TO DO ->
Using the entries below, restate word for word only the lines from the one with "This double room" to the final line, leaving the pictures out.

== Segment start ==

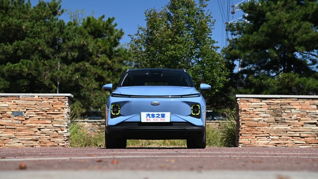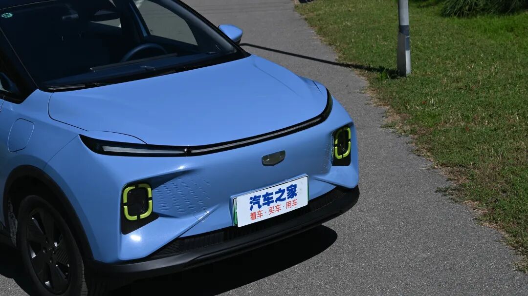 初次见到几何E,相信大多数人都会有种眼前一亮的感觉,除了抢眼的亮色涂装外,新车车头部分的设计语言非常激进,下包围造型类似獠牙般隆起,给人一股狠劲儿。
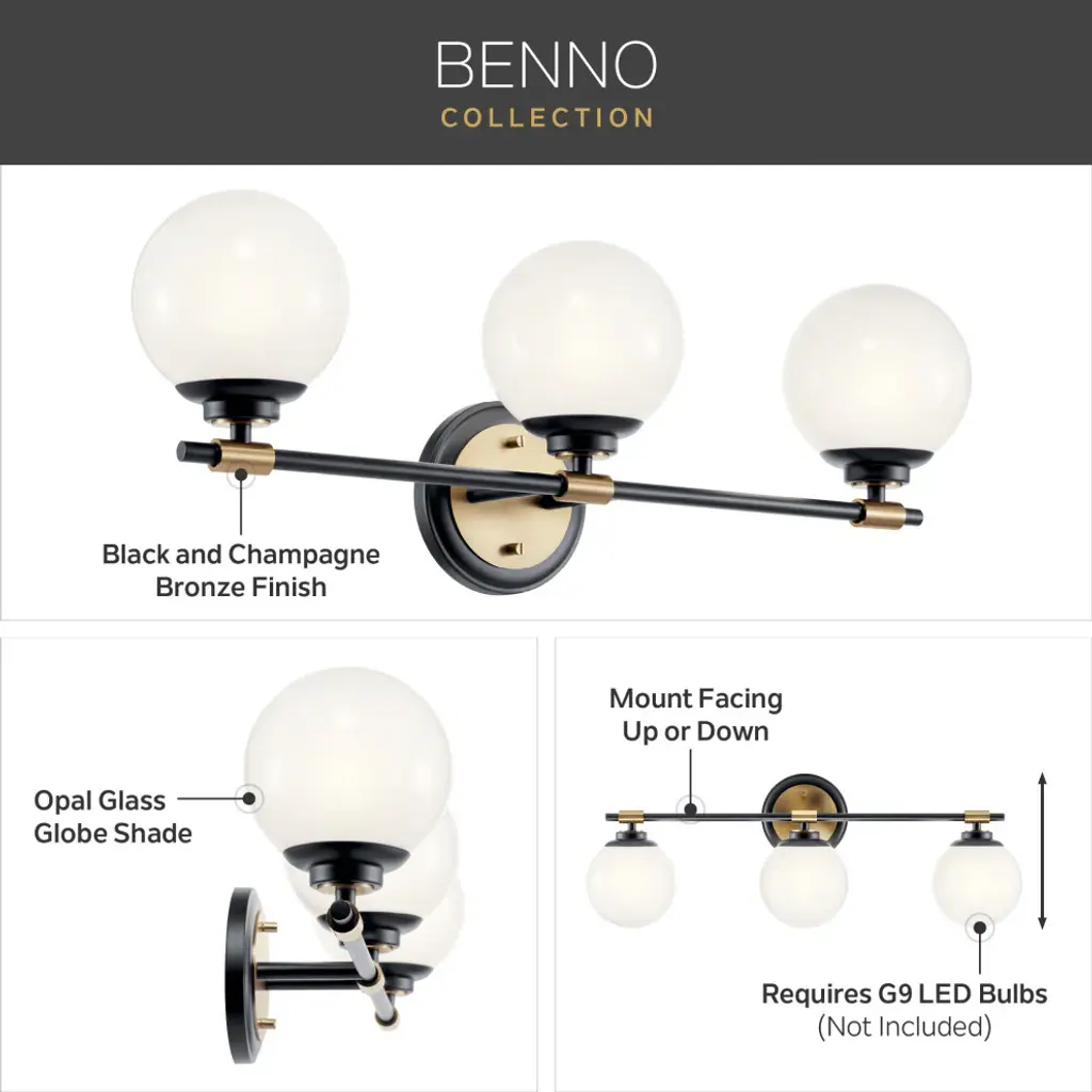 The Benno wall sconce effortlessly accents your room''s decor in modern elegance. Benno glows softly through its milky white opal glass and can be mounted facing up or down. Clean details highlight its mixed elegant finishes.
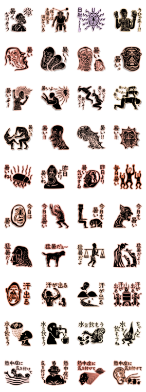 暑い時に使える影絵のスタンプです。春休みが過ぎると気温は上がり、夏休み頃は猛暑となる。秋は残暑が続き、汗は流れて喉が乾く。身体は熱い。そんな時に使ってください!
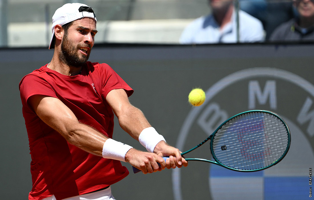 Российский теннисист Карен Хачанов в матче против Карлоса Алькараса из Испании
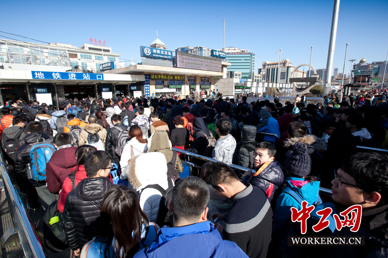 图为地铁北京站入口处人潮涌动。 中工网记者 李雪峰 摄
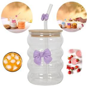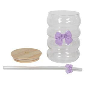 Copo de Vidro Canelado Vintage com Laço Roxo – 500ml
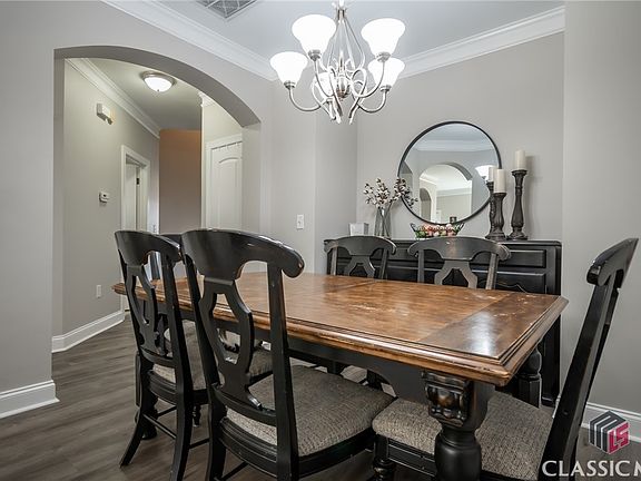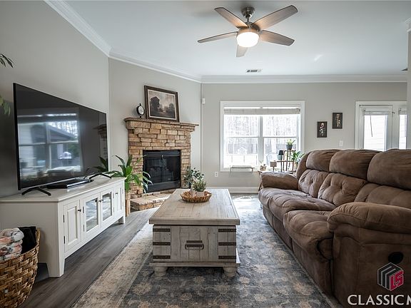 Welcome to Franklin Grove, a gated community in northern Oconee County alongside Highway 78, a convenient 10 miles from the UGA campus. This lovely 3 bedroom, 2-½ bath townhome has been freshly painted and tastefully updated with luxury vinyl plank flooring and 2-inch white window blinds. The main level consists of a two-story foyer, a combination family/dining room complimented by attractive archways, a corner stone fireplace with an electric log insert, and crown moldings. An eat-in kitchen has new LG stainless steel appliances, painted cabinetry with granite countertops, gray
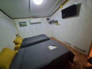 This double room is air-conditioned and has a private bathroom, a tea and coffee maker and garden views. The unit has 3 beds.
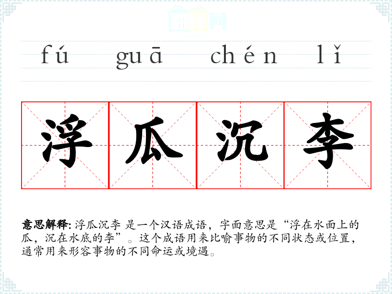 浮瓜沉李 是一个汉语成语,字面意思是“浮在水面上的瓜,沉在水底的李”。这个成语用来比喻事物的不同状态或位置,通常用来形容事物的不同命运或境遇。
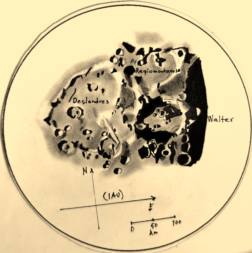 Yritys piirtää Delandres ja pari yksityiskohtaa lähiseudulta. Lexell on syntynyt D:n eteläreunan päälle, 64 km halkaisijaltaan. Tässä valaistuksessa erottuu L:n reunavallin katkoskohdasta (koillisessa) alkava matala kanava, joka ulottuu Cassinin kirkkaaseen täplään saakka.
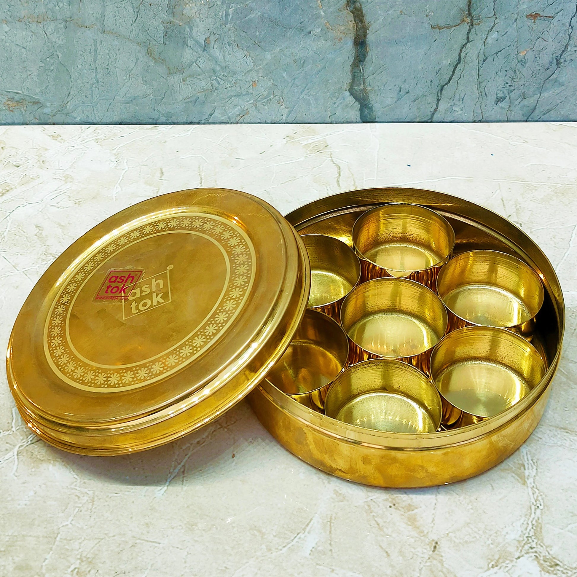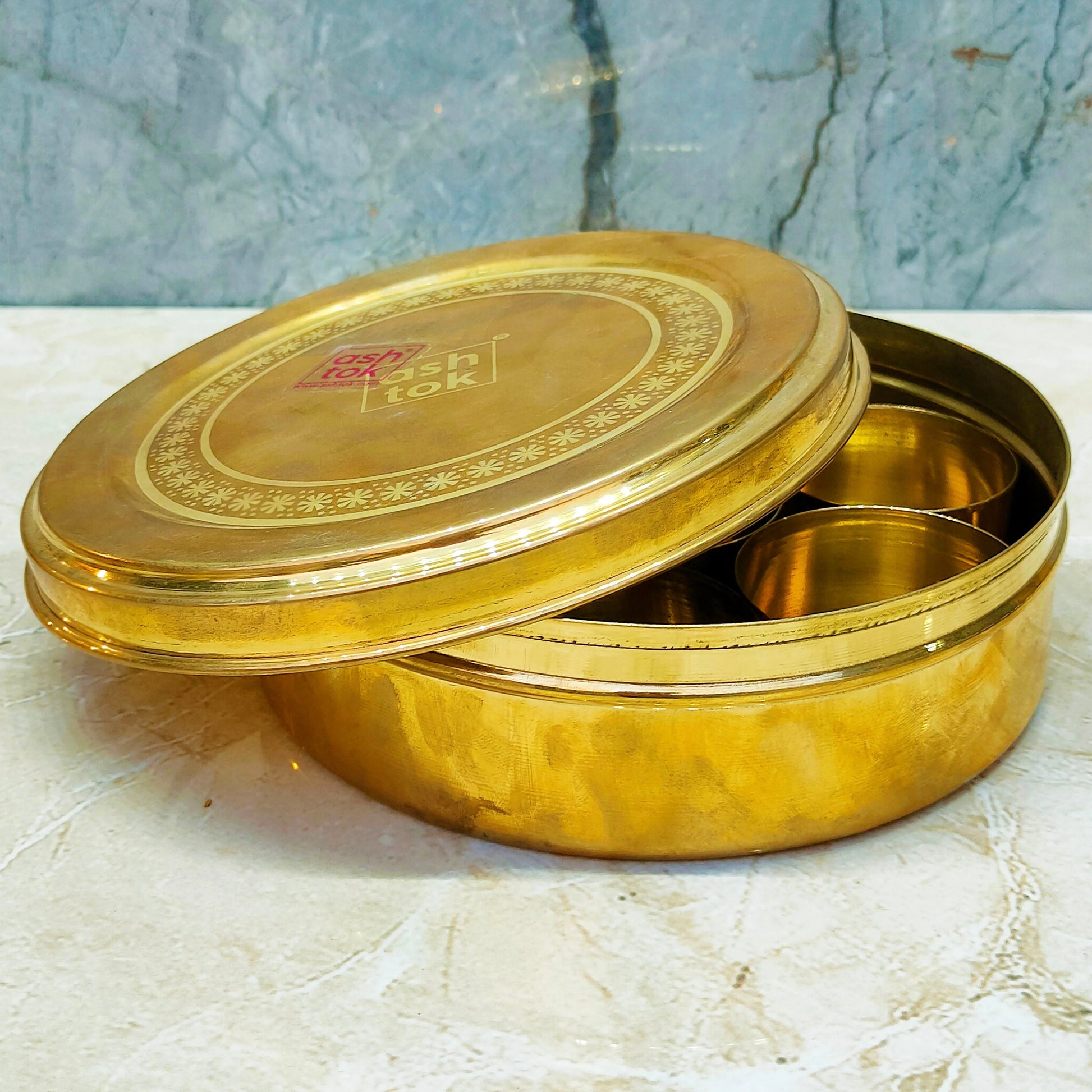 Best Quality Pure Brass Masala Box Designed by Ashtok. We provide the most affordable prices and free shipping throughout India.

== Segment end ==

EXPECTED OUTPUT ->
 This double room is air-conditioned and has a private bathroom, a tea and coffee maker and garden views. The unit has 3 beds.
 浮瓜沉李 是一个汉语成语,字面意思是“浮在水面上的瓜,沉在水底的李”。这个成语用来比喻事物的不同状态或位置,通常用来形容事物的不同命运或境遇。
 Yritys piirtää Delandres ja pari yksityiskohtaa lähiseudulta. Lexell on syntynyt D:n eteläreunan päälle, 64 km halkaisijaltaan. Tässä valaistuksessa erottuu L:n reunavallin katkoskohdasta (koillisessa) alkava matala kanava, joka ulottuu Cassinin kirkkaaseen täplään saakka.
 Best Quality Pure Brass Masala Box Designed by Ashtok. We provide the most affordable prices and free shipping throughout India.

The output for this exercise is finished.